**Supplied records:**

+ + +

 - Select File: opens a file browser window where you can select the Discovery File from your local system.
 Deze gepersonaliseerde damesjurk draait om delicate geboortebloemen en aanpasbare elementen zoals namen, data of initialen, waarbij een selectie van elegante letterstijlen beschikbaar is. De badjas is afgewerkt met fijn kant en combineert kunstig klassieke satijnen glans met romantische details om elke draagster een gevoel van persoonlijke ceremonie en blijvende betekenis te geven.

+ + +

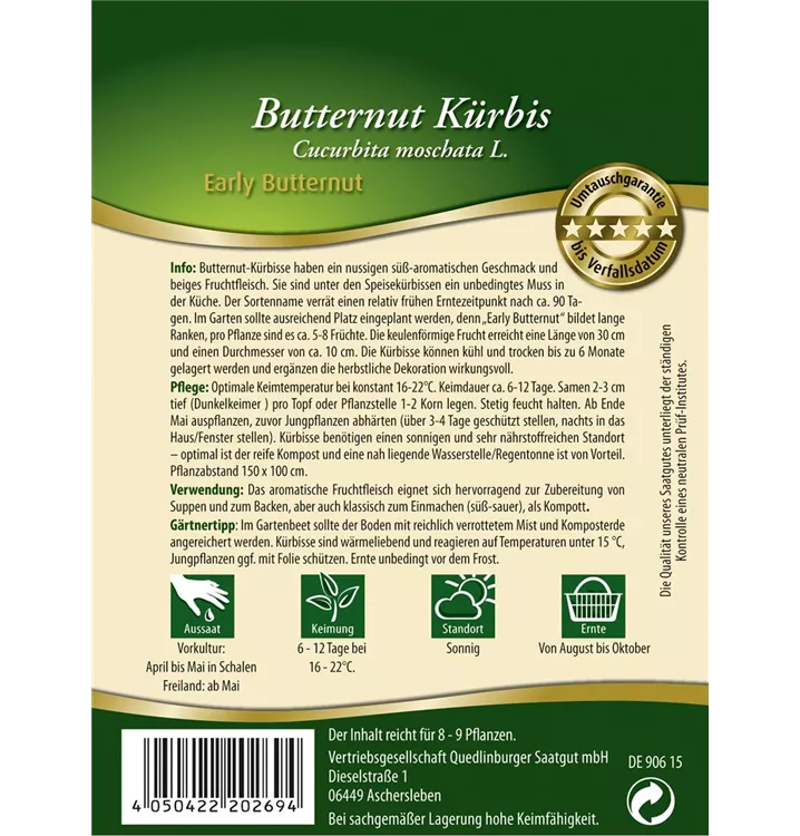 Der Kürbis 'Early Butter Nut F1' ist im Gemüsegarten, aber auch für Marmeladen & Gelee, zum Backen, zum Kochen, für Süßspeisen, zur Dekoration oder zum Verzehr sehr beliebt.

+ + +

**Exercise description:** From the listing above, the lines starting with the one that has "- Select File: opens" and running through the one that has "Deze gepersonaliseerde damesjurk" should be copied exactly, ends included.

**Answer section:**
 - Select File: opens a file browser window where you can select the Discovery File from your local system.
 Deze gepersonaliseerde damesjurk draait om delicate geboortebloemen en aanpasbare elementen zoals namen, data of initialen, waarbij een selectie van elegante letterstijlen beschikbaar is. De badjas is afgewerkt met fijn kant en combineert kunstig klassieke satijnen glans met romantische details om elke draagster een gevoel van persoonlijke ceremonie en blijvende betekenis te geven.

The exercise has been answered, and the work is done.